🤖 AI Summary
To address the need for interpretable understanding of functional regions (e.g., graspable or pressable areas) in robotic autonomous manipulation and human–robot interaction, this paper introduces the first 3D point-cloud-based functional region detection method. It pioneers the integration of probabilistic prototype learning into this task. Built upon a PointNet++ backbone, the approach jointly learns functional region localization and human-interpretable explanations via probabilistic prototype matching, soft attention mechanisms, and local geometric encoding. Unlike black-box models, it achieves state-of-the-art accuracy on 3D-AffordanceNet (improving mAP by 1.2%), while simultaneously generating faithful, semantically grounded explanations: each predicted region is explicitly linked to a human-understandable training prototype (e.g., “similar to a canonical grasping prototype”). This work establishes a novel, trustworthy paradigm for explainable 3D functional reasoning.
📝 Abstract
Robotic agents need to understand how to interact with objects in their environment, both autonomously and during human-robot interactions. Affordance detection on 3D point clouds, which identifies object regions that allow specific interactions, has traditionally relied on deep learning models like PointNet++, DGCNN, or PointTransformerV3. However, these models operate as black boxes, offering no insight into their decision-making processes.
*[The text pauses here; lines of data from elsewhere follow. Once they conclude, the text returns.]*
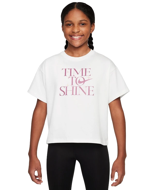Nike Big Girls Sportswear Time to Shine Graphic Cotton T-Shirt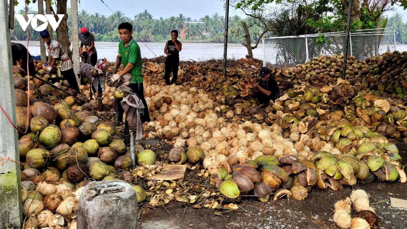 VOV.VN - Hiện nay dù trái dừa tươi và dừa khô ở tỉnh Bến Tre giá rất cao nhưng nhà vườn không đủ hàng để bán. Một trong những nguyên nhân chính là nhiều diện tích dừa bị giảm năng suất, thậm chí có biểu hiện chết rụi vì sâu đầu đen gây hại.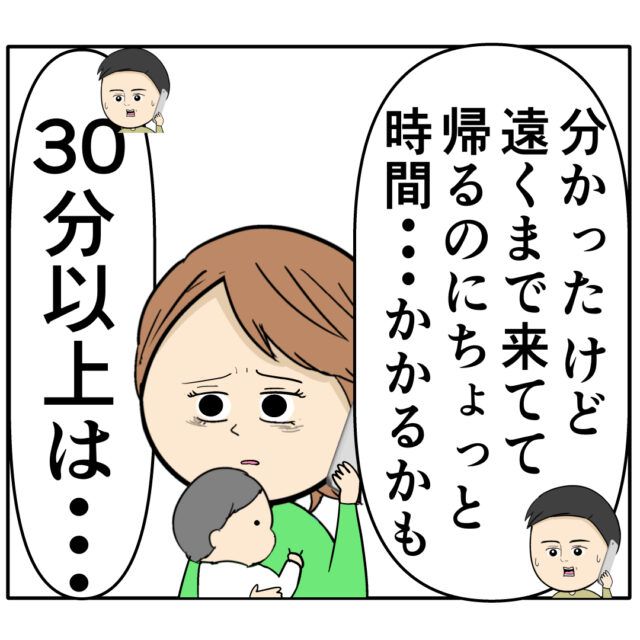 「分かったけど遠くまで来てて帰るのにちょっと時間・・・かかるかも、30分以上は・・・」
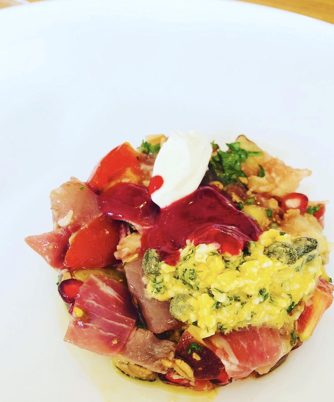 そして…写真は先日友達と出かけた創作フレンチのお店での前菜です。この中に「キハダマグロ、エゾ鹿、生ハム、無花果、ザクロ、トマト、オリーブ、グラノーラ、タルタルソース」などなど…想像を絶する組み合わせの食材が入っています。口に入れると素材の味が色々合わさって、何とも言えない美味しさに♡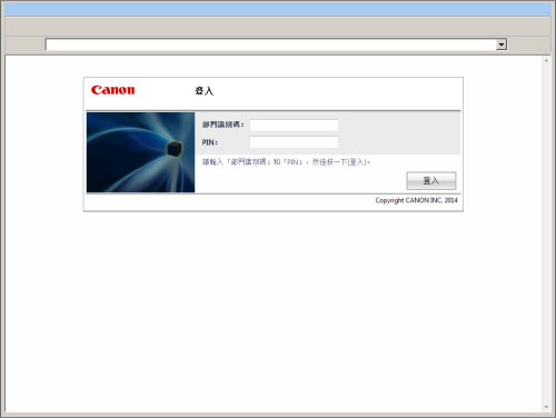 輸入「部門識別碼」/「密碼」或「系統管理員識別碼」/「系統PIN」登入「遠端使用者介面」或MEAP應用程式(包括登入應用程式)。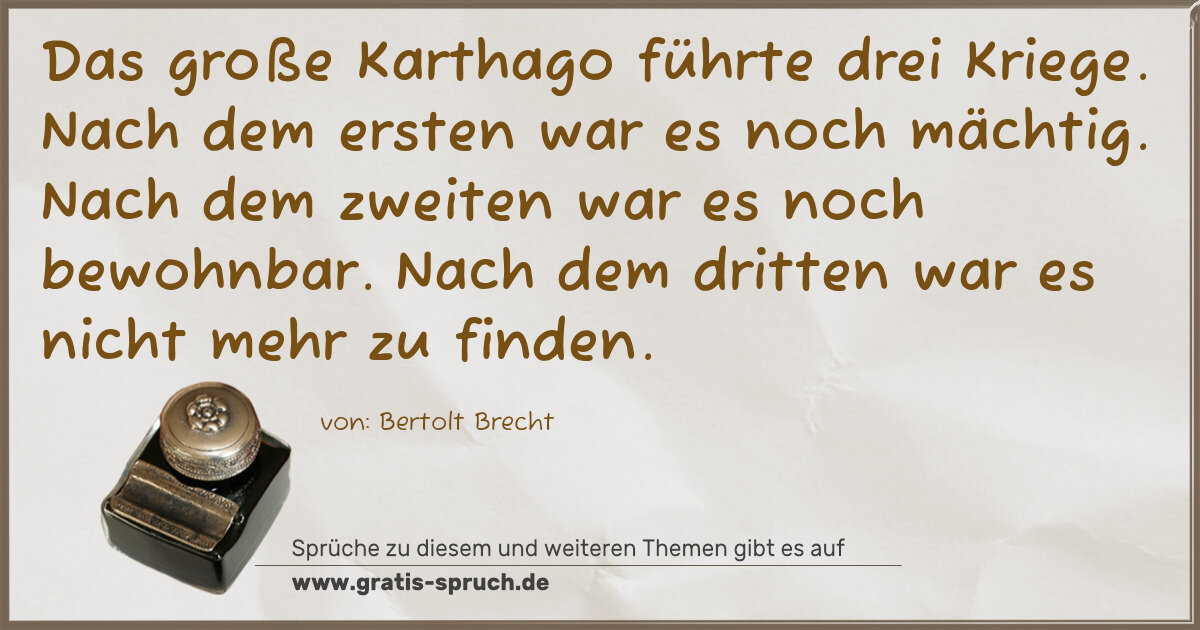 Das große Karthago führte drei Kriege. Nach dem ersten war es noch mächtig. Nach dem zweiten war es noch bewohnbar. Nach dem dritten war es nicht mehr zu finden.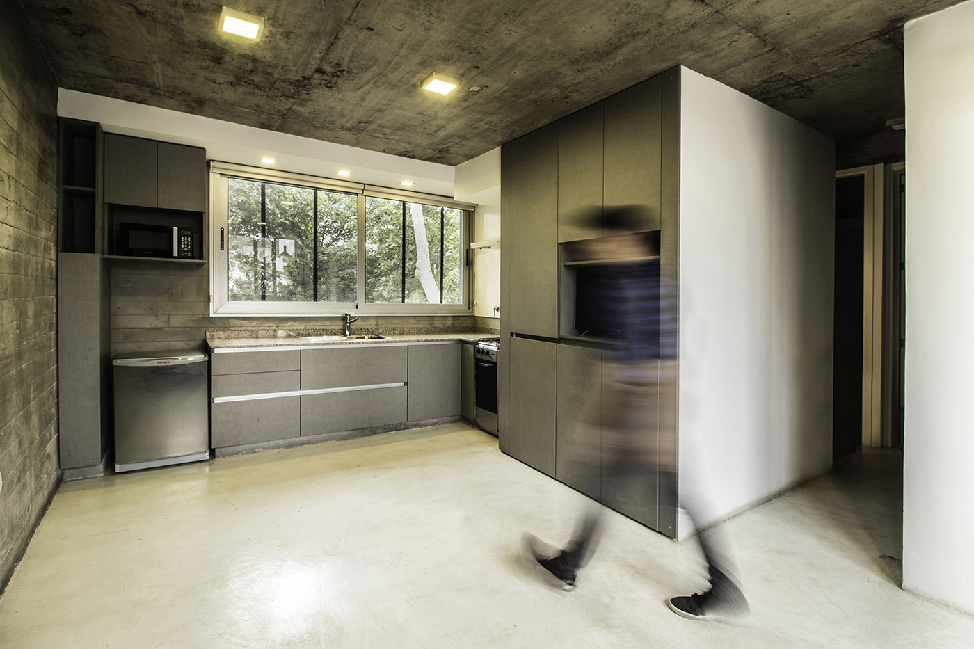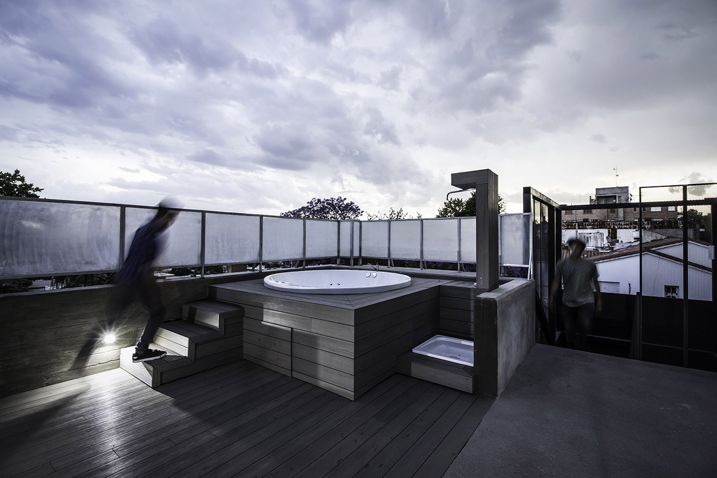 All'ultimo livello, si sviluppa una terrazza comune, con churrasquera, jacuzzi e angoli per l'incontro sociale e la contemplazione del panorama urbano. I materiali con cui ONA decide di lavorare, sia per la struttura che per il rivestimento esterno, sono cemento armato a vista e vetro. Per le finiture interne vengono utilizzate pareti in muratura e pareti leggere dipinte di bianco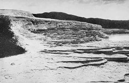 The White Terrace had a fountain of azure-blue hot water ninety feet in diameter, which sometimes spouted ten or fifteen feet high. When the south wind blew briskly it could be safely entered to a depth of thirty feet, its beautifully encrusted crater meanwhile remaining empty until the wind changed. Then, roaring all the while, it filled at the rate of three or four feet an hour, and when within a few inches of the rim often shot a column of water to a height of sixty feet.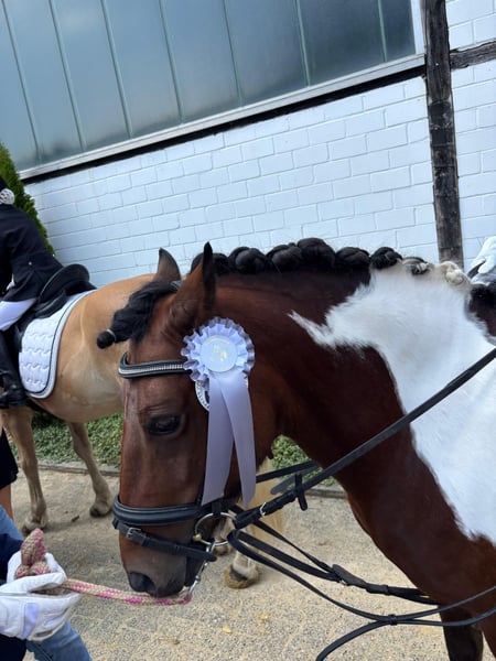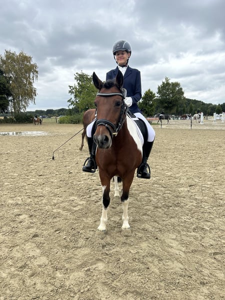 Wir suchen für unsere liebe Ponystute ein neues zu Hause. Ihre Daten: - Stockmaß 1,29 m - Schecke - dreifarbig - 01.04.2017 geboren - reinrassige Pottockstute - Barhuf - verladefromm - Ponyturnierlizenz vorhanden - demnach auch Turnier geimpft - Zähne zuletzt im März 2025 gemacht Unsere Holly wird derzeit noch von meiner 14 jährigen Tochter (1,60 m groß) geritten. Sie hat im April mit Holly den Pferdeführerschein und das Reitabzeichen 5 sicher bestanden. Ausgebildet ist sie in der Dressur und im Springen auf E-Niveau. Holly deckt auch kleinere Erwachsene sehr gut ab. Sie lässt sich aber auch von Kindern ab 5 Jahren reiten. Sie buckelt nicht, auch wenn sie mal einen Tag Pause hatte und es draußen kalt ist. Nur im Gelände gibt sie gerne mal Gas, aber nicht wenn Sie geführt wird. Da meine Tochter nun höher springen möchte, suchen wir für unsere Holly ein neues zu Hause. Sie ist bestens als Freizeitpony für ambitionierte Reiter, aber auch für absolute Anfänger geeignet. Wir könnten sie uns auch als Therapiepony sehr gut vorstellen. An der Longe und am Strick läuft sie immer sehr brav. Bei weiteren Fragen gerne per WhatsApp oder direkt anrufen. 01775066890 Sie steht in Schwerte Ergste und kann gegen eine kleine Schutzgebühr in Höhe von 25 Euro Probe geritten werden.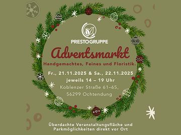 Veranstaltet wird der Markt von der Presto Gruppe, einem familiengeführten Unternehmen mit Sitz in Kobern-Gondorf, Ochtendung und Plaidt. Die Presto Gruppe setzt sich seit über 48 Jahren mit Herz und Verantwortung für regionale Wertschöpfung, nachhaltiges Wirtschaften und die Verbindung von Handwerk, Wirtschaft und Natur ein. Als Hersteller von hochwertigen Erden, Substraten und Recyclinglösungen im Bereich Biomasse bringt die Presto Gruppe ihre nachhaltige Philosophie ganz praktisch auf den Boden. Der Adventsmarkt ist dabei Ausdruck eines größeren Gedankens: Menschen verbinden, Potenziale sichtbar machen und gemeinsam etwas Sinnvolles schaffen.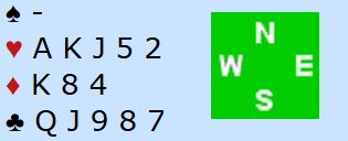 Vest er giver og ingen i sonen. Det går pass fra vest og nord før øst åpner med 1 hjerter. Melder du inn 2 ruter eller blir det pass? Igjen dreier det seg om et meldestilspørsmål. Mange liker å ha sekskorts farge for å gå inn på to-trinnet, eller hvis det bare er femkorts farge ha skikkelig åpning, eller bedre fordeling enn dette. Men ganske mange melder vel inn ganske automatisk med slike kort.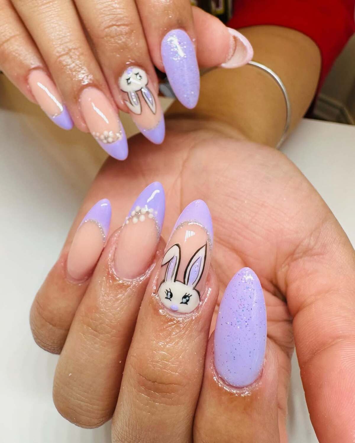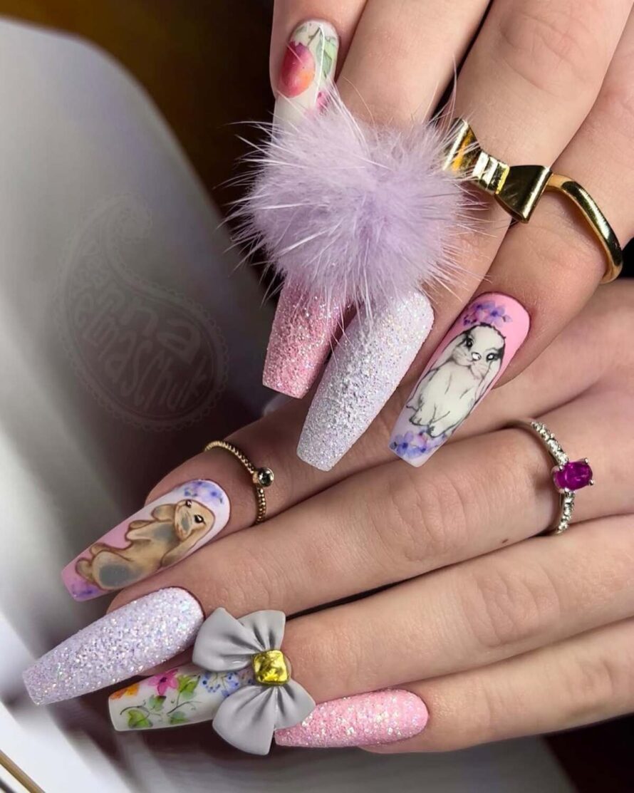 These extended nails embrace a vibrant aesthetic, featuring pastels, detailed bunny illustrations, and a soft glam finish that creates a beautifully amplified look.

Prototypical Learning methods, such as ProtoPNet, provide an interpretable alternative to black-box models by employing a"this looks like that"case-based reasoning approach. However, they have been primarily applied to image-based tasks. In this work, we apply prototypical learning to models for affordance detection on 3D point clouds. Experiments on the 3D-AffordanceNet benchmark dataset show that prototypical models achieve competitive performance with state-of-the-art black-box models and offer inherent interpretability. This makes prototypical models a promising candidate for human-robot interaction scenarios that require increased trust and safety.